Now researchers at NVIDIA have built a new deep learning system that teaches robots how to do specific tasks by observing humans. This is the first AI system developed to teach machines directly from actions performed by humans. According to the developers, it will improve the communication between robots and humans, while enabling people to seamlessly work alongside robots.
How It Works?
Robots can efficiently execute helpful tasks in real-world if there is a better way to communicate the task to the robot, which includes telling the final outcome and any clues as to the best means to obtain that outcome.
Also, the robot should be capable of executing tasks robustly in varying environments. Teaching a machine by demonstration is an effective way to solve issues like uncertain sensor input, less accurate control output.

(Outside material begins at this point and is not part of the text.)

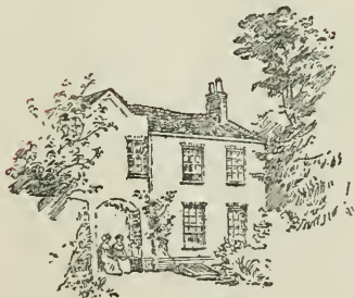
Ashe Rectory, near Deane.

Humans can tell robots what to perform by demonstrating it and providing hints as to how to execute the task efficiently. A single demonstration would be enough for a perfect AI system to teach robots how to perform a new task.
In this study, developers have made a system of multiple-level neural network trained in simulation. In order to make the problem controllable, they focused on stacking cubes (of different colors) either in pyramid-shape or vertically.

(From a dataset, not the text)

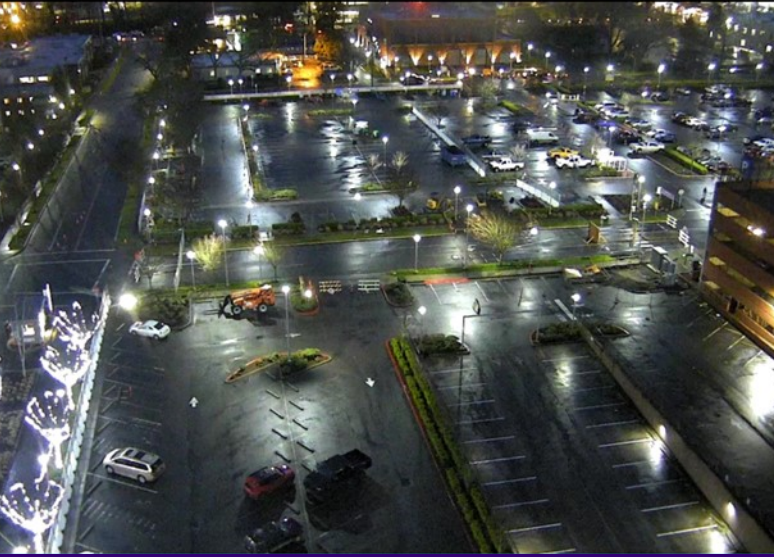
Building A and the emergency department parking lot in early January 2020.

Developers have executed a series neural networks on NVIDIA Titan X GPUs. The multiple-level neural network performs tasks associated with perception, program creation and execution. These neural networks helped robot learn a task from a single real-world demonstration.
The robot uses an image-centric domain randomization method to generate synthetic, human-readable data with high diversity. It makes the perception network to see training data as real-world information. The data are processed in an image-centric approach so that networks are independent of camera or surrounding.

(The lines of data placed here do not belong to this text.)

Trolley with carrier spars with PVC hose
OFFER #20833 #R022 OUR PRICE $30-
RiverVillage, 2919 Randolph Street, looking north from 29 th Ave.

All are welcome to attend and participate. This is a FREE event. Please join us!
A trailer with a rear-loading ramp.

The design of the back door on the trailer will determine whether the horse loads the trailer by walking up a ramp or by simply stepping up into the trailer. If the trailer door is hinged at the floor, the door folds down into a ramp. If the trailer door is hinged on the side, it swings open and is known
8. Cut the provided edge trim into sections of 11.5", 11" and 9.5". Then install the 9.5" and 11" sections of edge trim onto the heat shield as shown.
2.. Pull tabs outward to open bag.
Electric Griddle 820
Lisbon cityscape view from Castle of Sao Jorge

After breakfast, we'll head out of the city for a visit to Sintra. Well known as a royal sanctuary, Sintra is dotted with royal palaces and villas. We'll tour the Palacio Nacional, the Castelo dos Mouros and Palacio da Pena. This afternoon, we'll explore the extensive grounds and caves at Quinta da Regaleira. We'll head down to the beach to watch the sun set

More specifically, this technique makes fewer assumptions about the position of camera and the visibility of fixed objects (like chair, table) within the surrounding, and thus it’s portable to new scenarios without retraining.
This is a snapshot of demonstration (left column) and robotic execution of specific tasks (remaining columns). The three rows show how a robot executes the automatically generated programs-
- Put yellow on red, green on yellow, and blue on green (upper row).
- Put yellow on green, and blue on red (robot recovered from misplacing the yellow cube).
- Put car on yellow.
The study doesn’t address many issues, like improving robustness of domain randomization to variation in color and lighting, utilizing data of pervious execution to overcome sensing limitations, integrating context to better control occlusion, and extending vocabulary of human-readable programs.